A sociedade precisa entender que recuperar os presos e dar condições e estruturas
adequadas a seus filhos é algo feito para diminuir a violência no futuro, e assim,
evoluir a comunidade como um todo. As leis e tratados são feitos para buscar
solução. Mas, a realidade é a de que, enquanto isto, crianças continuam presas,
sem possibilidade de desenvolvimento integral, sem estrutura para o seu
desenvolvimento e com seu futuro ameaçado. Portanto, nascidas de mães
acusadas, estas crianças já entram na vida pagando pelos crimes que não
cometeram, ingressando ao mundo com seus direitos fundamentais violados,
como a negação do direito à uma vida digna, de cuidados com a saúde, de
ambiente propício para sua idade e marcado pela falta de socialização com seus
familiares. Todos esses fatores limitam seu desenvolvimento integral. Cicatrizes
como essas, tornarão a vida deles muito mais complicada, uma vez que já crescem
marcados pelos preconceitos. Com isso, são recebidos pela sociedade com
preconceitos e não aceitação.
Destarte, o crime ainda é tratado como se fosse algo exclusivamente
masculino e, por tal, é visto com mais naturalidade.
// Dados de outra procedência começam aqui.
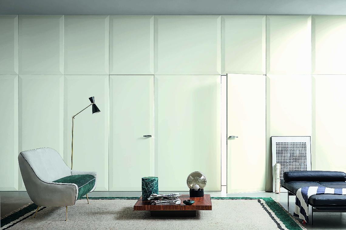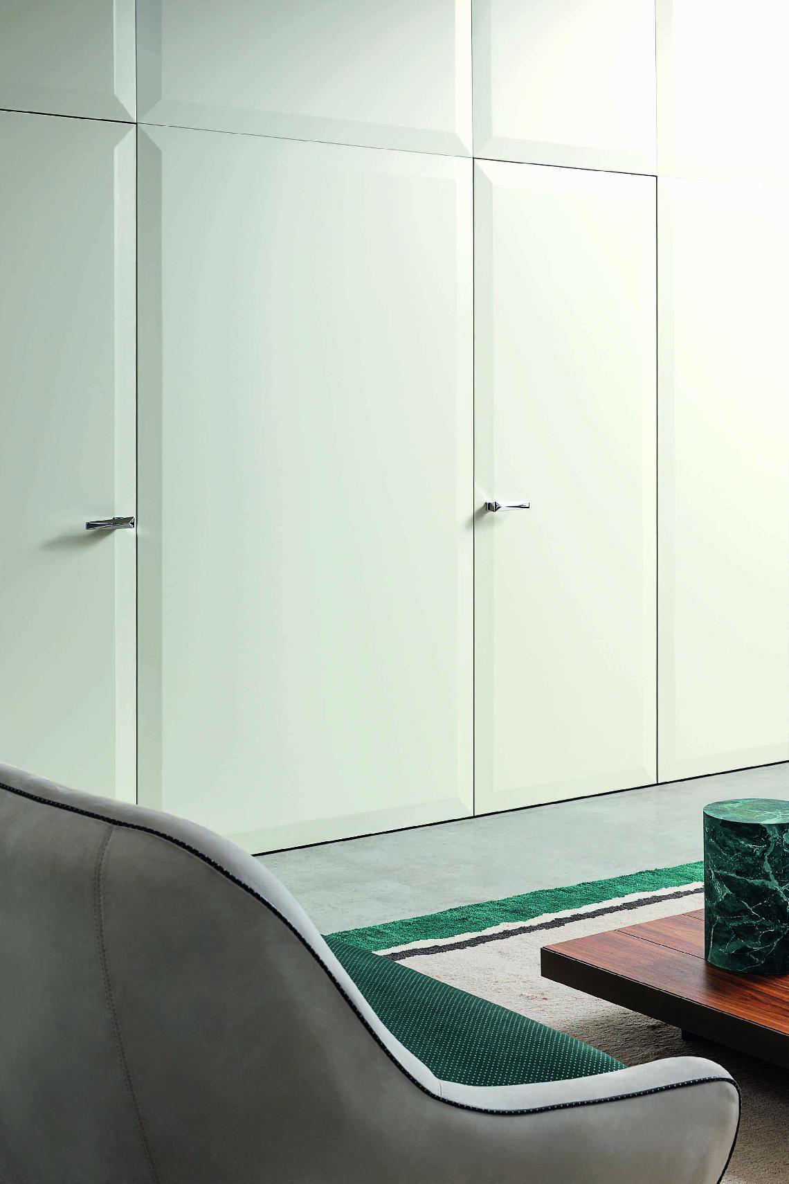 Edges, by Marco Piva, interprets the door as a flexible and innovative element, able to expand into the surrounding surfaces as decorative facing. A sophisticated architectural extension, boiserie Edge is able to characterize the space thanks to the characteristic cuts of the panel that lend volume to a normally two-dimensional surface. The delicate and geometric relief pattern plays with light and shadow, bestowing unprecedented grace on the passage between rooms and spaces.

No caso feminino, a boa
conduta, a fidelidade e um bom exemplo no meio social. Uma mulher que comete
um crime sente mais o peso da condenação social. A partir dessa análise, a mulher
presa é, no geral, abandonada, enquanto o homem preso na maioria dos casos
conta com apoio de seus familiares, esposa e amigos. A invisibilidade da mulher
carcerária é uma realidade. Muitas pessoas imaginam que ao ser preso, todos os
direitos daquele indivíduo são perdidos, mas este é um enorme equívoco. O único
direito fundamental perdido é o direito a “liberdade de ir e vir”, ou seja, ele perde,
enquanto durar a sua pena em regime fechado, sendo proibido somente de
liberdade e não de todos os seus direitos fundamentais. Portanto, o ideal seria que
a encarcerada continuasse exercendo a maioria de seus deveres e direitos
fundamentais garantidos pela constituição assim como qualquer outro ser humano
em liberdade. Porém, através do exposto, compreende-se que na prática isso não
ocorre e quando o assunto são mães em cárcere as consequências são
extremamente nocivas tanto para a mulher quanto para seu filho.